Insured Borrow to Cover Rising Premiums

UK consumers are increasingly relying on credit to pay for insurance as cost of living pressures persist, with the average borrower now taking on roughly £505 per policy. This shift marks a significant rise from previous years, when the average debt was £302, according to new findings from the UK’s leading premium finance company, Premium Credit. The Insurance Index, now in its seventh year, found that 76% of customers use some form of credit to pay for one or more policies, a figure that has remained stable compared to the previous year but represents an increase from 71% just two years ago.
Most customers attribute their increased borrowing to the general cost of living rather than specific insurance premium hikes. Over half (53%) cited rising living costs as the primary reason for borrowing more, nearly double the 26% who blamed rising premiums. This trend highlights a broader financial strain on households. However, nearly a quarter (23%) of respondents stated that they took on more credit simply because paying for insurance monthly is more convenient and helps with their overall budgeting. This suggests that while economic pressures are a factor, the method of payment itself has become a deliberate choice for many.

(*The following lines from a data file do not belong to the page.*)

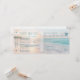 Lindo pôr do sol rosa e pêssego no oceano sobre as ondas azul turquesa em um fundo de areia lisa na passagem de embarque tema de viagem de convite de casamento de praia que inclui um cartão de RSVP que os convidados podem cortar e devolver. Há espaço no verso para informações de viagem e hotel.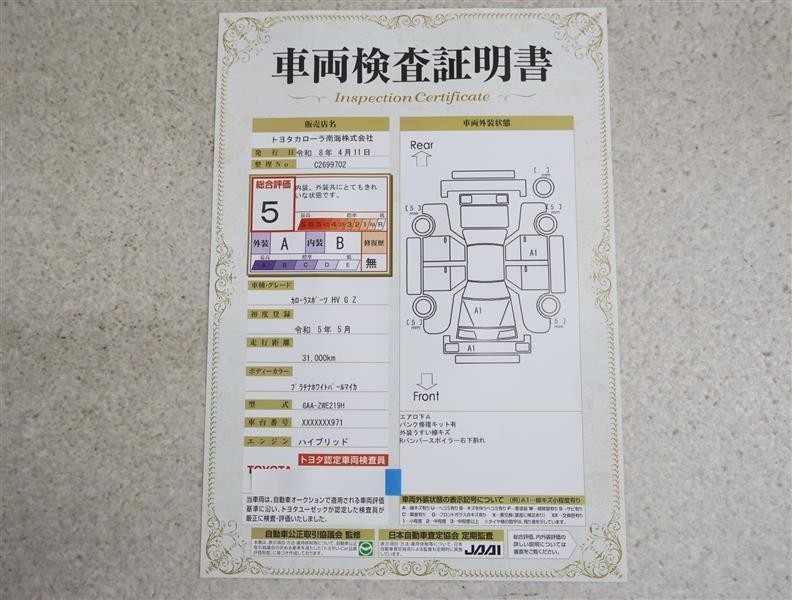 トヨタ車のプロの検査員が実施した「車両検査証明書」付き!車両の状態をこれ1枚でチェックできます!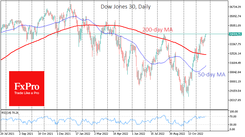 道琼斯30指数是标普500指数和纳斯达克100指数的领头羊,两周来一直在200日均线上方交易,目前正在重写4月份以来的高点,突破了8月份的峰值,这是趋势变化的一个重要信号。 此外,它现在比10月3日创下的低点高出19.9%,预示着熊市的正式结束。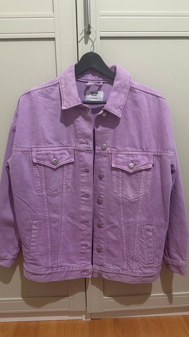 Pastel mor renkte, düğmeli önden kapanışlı, uzun kollu, normal uzunlukta ve bol kesim kadın denim ceket. Günlük rahat sokak stili için uygundur. Been Xss smack oversize.XS ve S bedene uygundur.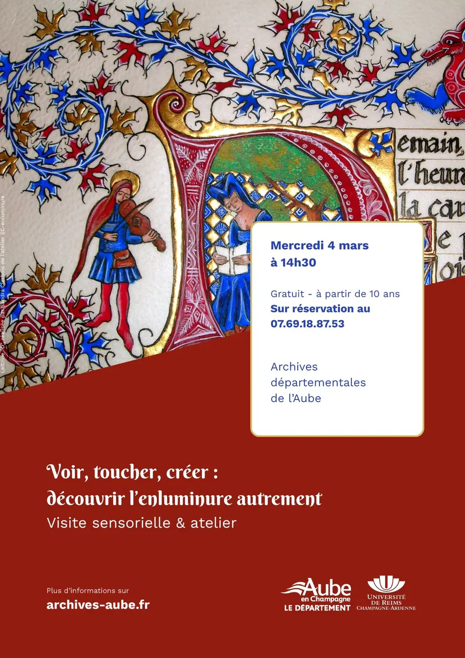 Dans le cadre d’un projet professionnel mené avec l’Université de Reims Champagne-Ardenne – Campus des Comtes de Champagne – à Troyes, le Département de l’Aube propose une immersion sensible et créative au cœur de l’art de l’enluminure, aux Archives départementales de l’Aube.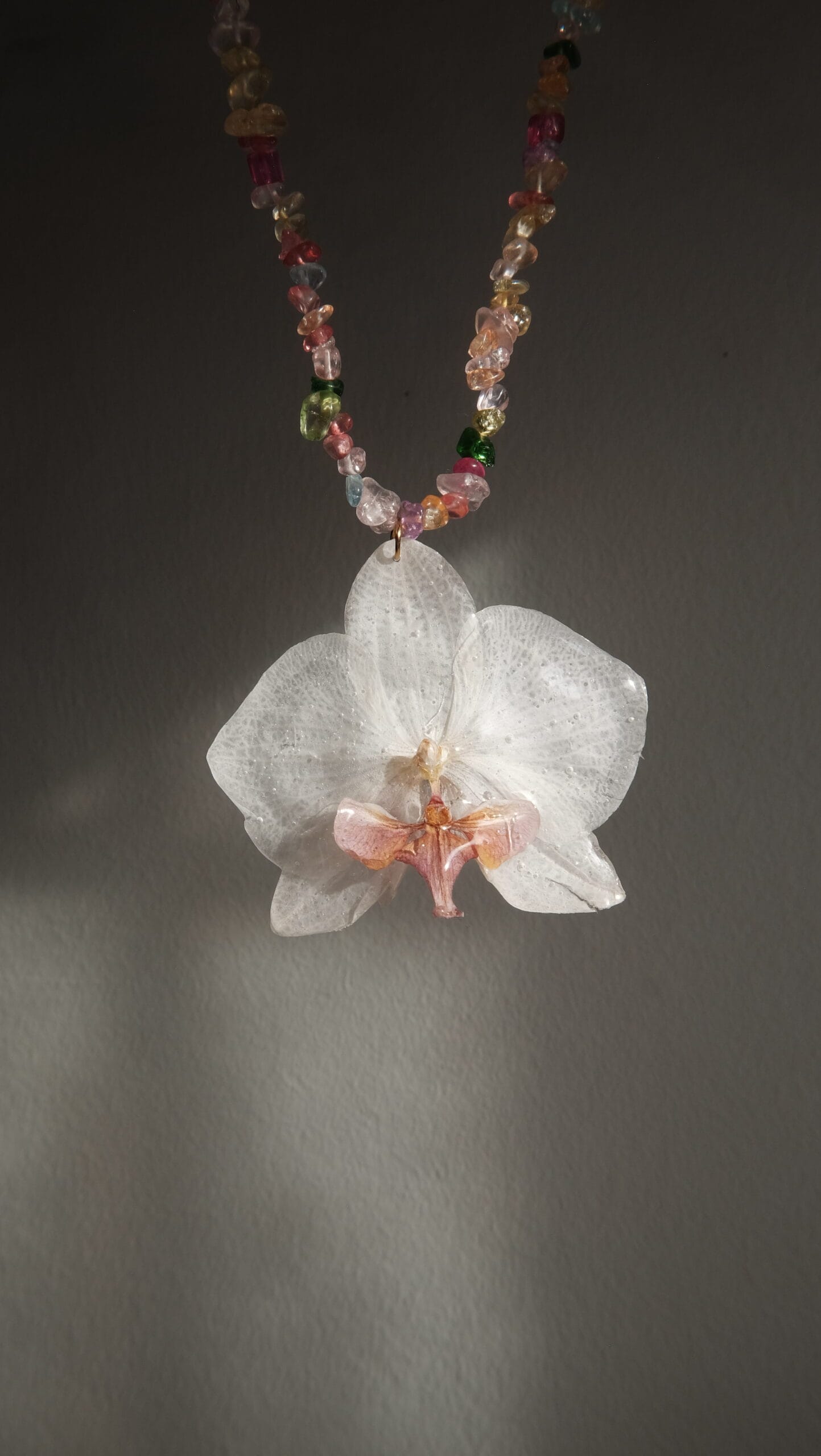 Collar hecho con una orquídea phalaenopsis blanca y rosa real.

Related: Discovering Koh Phi Phi in 24 hours
More than half (51%) of those using credit for insurance have borrowed more than they did in the previous 12 months, a jump from 43% last year. While 39% reported no increase in borrowing, the proportion of those who have borrowed less has dropped slightly to 2%. Credit cards remain the dominant tool for these purchases, with 55% of users relying on them, up from 41% the previous year. Despite the high interest rates often associated with credit cards, the convenience they offer continues to outweigh the potential financial cost for a large segment of the population.
The reliance on unsecured borrowing comes with tangible risks. The data indicates that 11% of customers who used credit to pay for insurance have defaulted on repayments in the past year, nearly double the rate recorded last year. Furthermore, around one in eight (12%) of those questioned have been turned down for credit cards in the past two years. These figures suggest a tightening of lending standards and increasing difficulty for consumers to manage their debts.
Related: Barnet Gate’s Crystal Commitment: Lab Grown Engagement Rings
While many struggle to meet these costs, the outlook for the coming year is mixed. Nearly a third (32%) of respondents expect their financial situation to worsen over the next 12 months, compared to 19% who expect improvement and 38% who believe it will be unchanged. Around 11% did not know or would not say.